Activity: A faithful copy of the listing below is needed, one that contains no pictures.

============

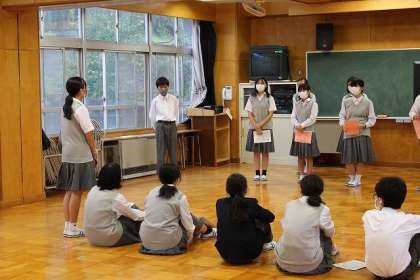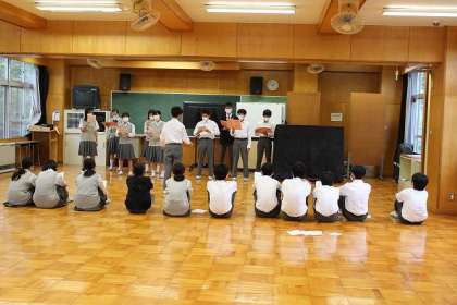 本校舎「地域連携室」にて合唱祭に向けての練習です。聴いた感想やアドバイスをもらっています。
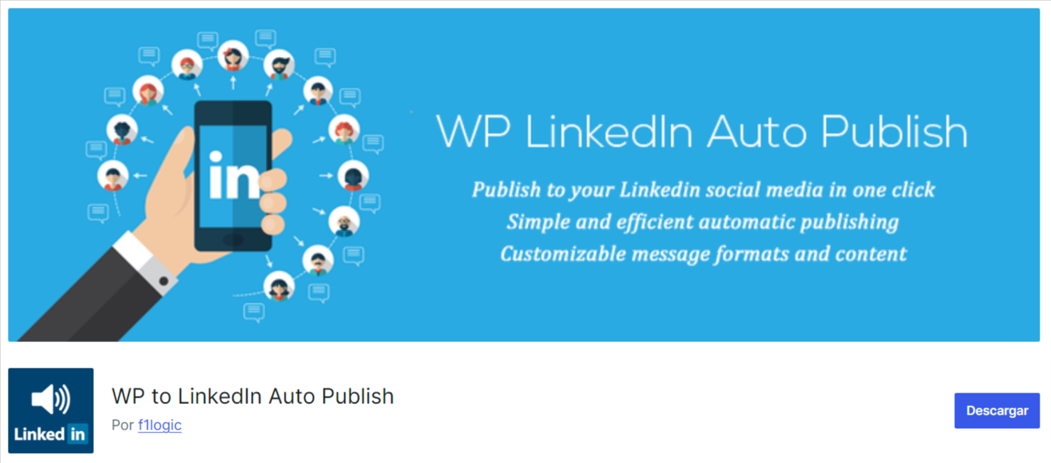 Si buscamos una forma sencilla y automatizada de compartir nuestras publicaciones en LinkedIn, WP LinkedIn Auto Publish es una de las mejores opciones. Este plugin nos permite conectar nuestro sitio de WordPress con LinkedIn para que, cada vez que publiquemos una entrada en el blog, esta se publique de forma automática en nuestro perfil o página de empresa.
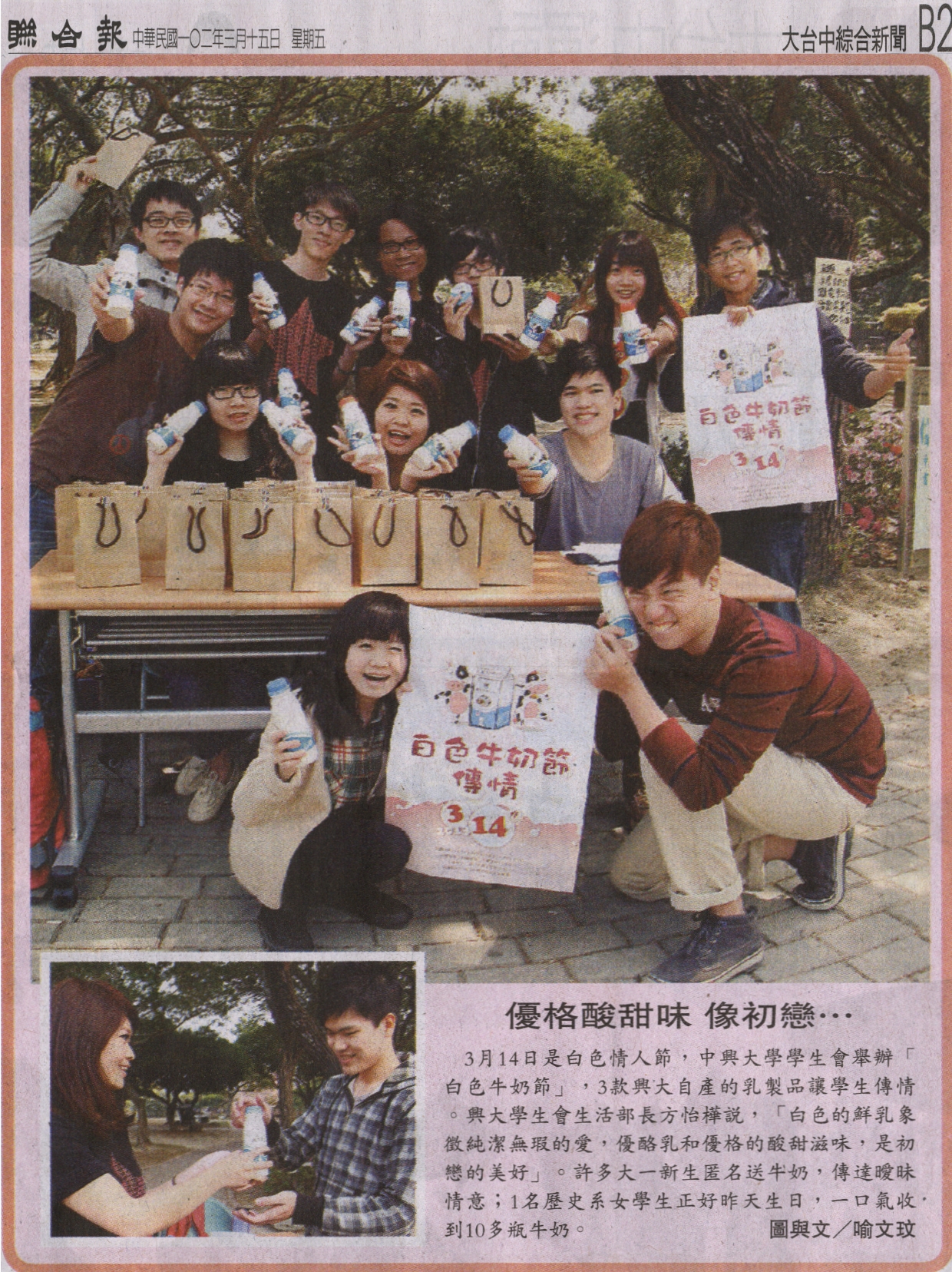 3月14日是白色情人節,中興大學學生會舉辦「白色牛奶節」,3款興大自產的乳製品讓學生傳情。興大學生會生活部長方怡樺說,「白色的鮮乳象徵純潔無瑕的愛,優酪乳和優格的酸甜滋味,是初戀的美好」。許多大一新生匿名送牛奶,傳達曖昧情意;1名歷史系女學生正好昨天生日,一口氣收到10多瓶牛奶。
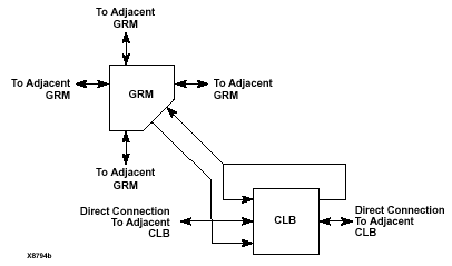 GRM (General Routing Matrix) À̶ó´Â ¶ó¿ìÆÃ¸¸ Àü´ãÇÏ´Â ½ºÀ§Äª ¸ÅÆ®¸¯½º¸¦ °¢ CLBÁß°£¿¡ ¼³Ä¡ CLB¿Í CLB°£ÀÇ Á÷Á¢ÀûÀÎ ¶ó¿ìÆÃÀ» ÇÏÁö ¾Ê°í Àü´ã ¸ÅÆ®¸¯½º¸¦ ÅëÇØ ¿¬°áÇϵµ·Ï ÇÏ¿´´Ù. (±×¸² 6 ÂüÁ¶)
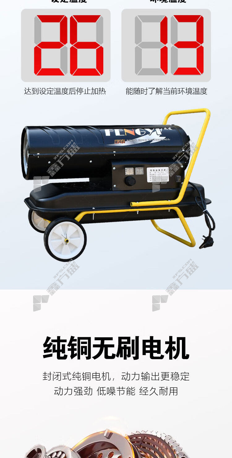 商品名称: 风逸 FY-50A 燃油暖风机 50kW 220V 350-450㎡
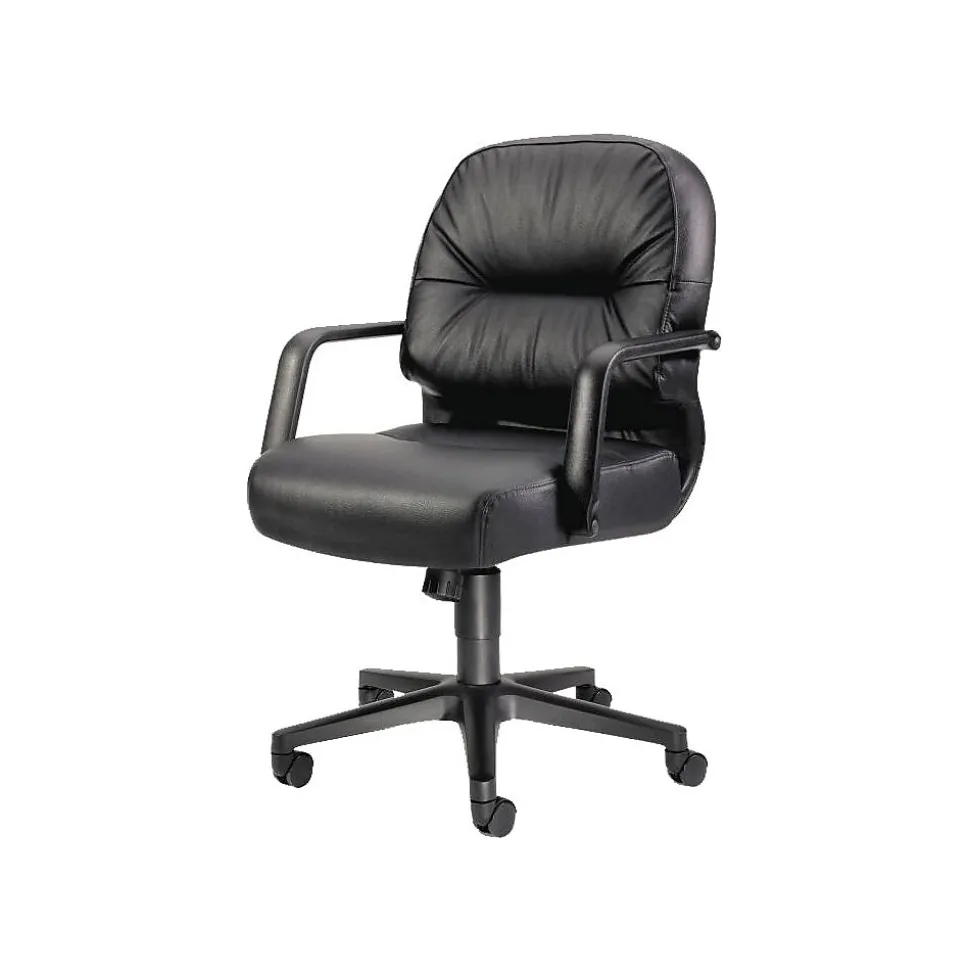 The HON pillow-soft executive chair in black is made of durable leather and is ideal for office desks. This chair measures 41.75 x 26.25 x 28.75 inches and has a back cushion that combines both foam and a layer of polyester fiberfill to support your spine.
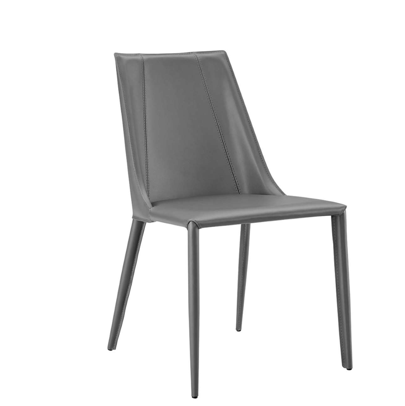 [0] => The Della Side Chair has a contemporary, streamlined look, with a sturdy powder-coated steel frame and durable bonded leather in grey. Diagonal stitching on the seat back adds dimension, and the fully-wrapped legs enhance Della's sleek style. With its neutral tones and elegant design, Della can complement a wide variety of dining environments.

============

Answer for this exercise:
 本校舎「地域連携室」にて合唱祭に向けての練習です。聴いた感想やアドバイスをもらっています。
 Si buscamos una forma sencilla y automatizada de compartir nuestras publicaciones en LinkedIn, WP LinkedIn Auto Publish es una de las mejores opciones. Este plugin nos permite conectar nuestro sitio de WordPress con LinkedIn para que, cada vez que publiquemos una entrada en el blog, esta se publique de forma automática en nuestro perfil o página de empresa.
 3月14日是白色情人節,中興大學學生會舉辦「白色牛奶節」,3款興大自產的乳製品讓學生傳情。興大學生會生活部長方怡樺說,「白色的鮮乳象徵純潔無瑕的愛,優酪乳和優格的酸甜滋味,是初戀的美好」。許多大一新生匿名送牛奶,傳達曖昧情意;1名歷史系女學生正好昨天生日,一口氣收到10多瓶牛奶。
 GRM (General Routing Matrix) À̶ó´Â ¶ó¿ìÆÃ¸¸ Àü´ãÇÏ´Â ½ºÀ§Äª ¸ÅÆ®¸¯½º¸¦ °¢ CLBÁß°£¿¡ ¼³Ä¡ CLB¿Í CLB°£ÀÇ Á÷Á¢ÀûÀÎ ¶ó¿ìÆÃÀ» ÇÏÁö ¾Ê°í Àü´ã ¸ÅÆ®¸¯½º¸¦ ÅëÇØ ¿¬°áÇϵµ·Ï ÇÏ¿´´Ù. (±×¸² 6 ÂüÁ¶)
 商品名称: 风逸 FY-50A 燃油暖风机 50kW 220V 350-450㎡
 The HON pillow-soft executive chair in black is made of durable leather and is ideal for office desks. This chair measures 41.75 x 26.25 x 28.75 inches and has a back cushion that combines both foam and a layer of polyester fiberfill to support your spine.
 [0] => The Della Side Chair has a contemporary, streamlined look, with a sturdy powder-coated steel frame and durable bonded leather in grey. Diagonal stitching on the seat back adds dimension, and the fully-wrapped legs enhance Della's sleek style. With its neutral tones and elegant design, Della can complement a wide variety of dining environments.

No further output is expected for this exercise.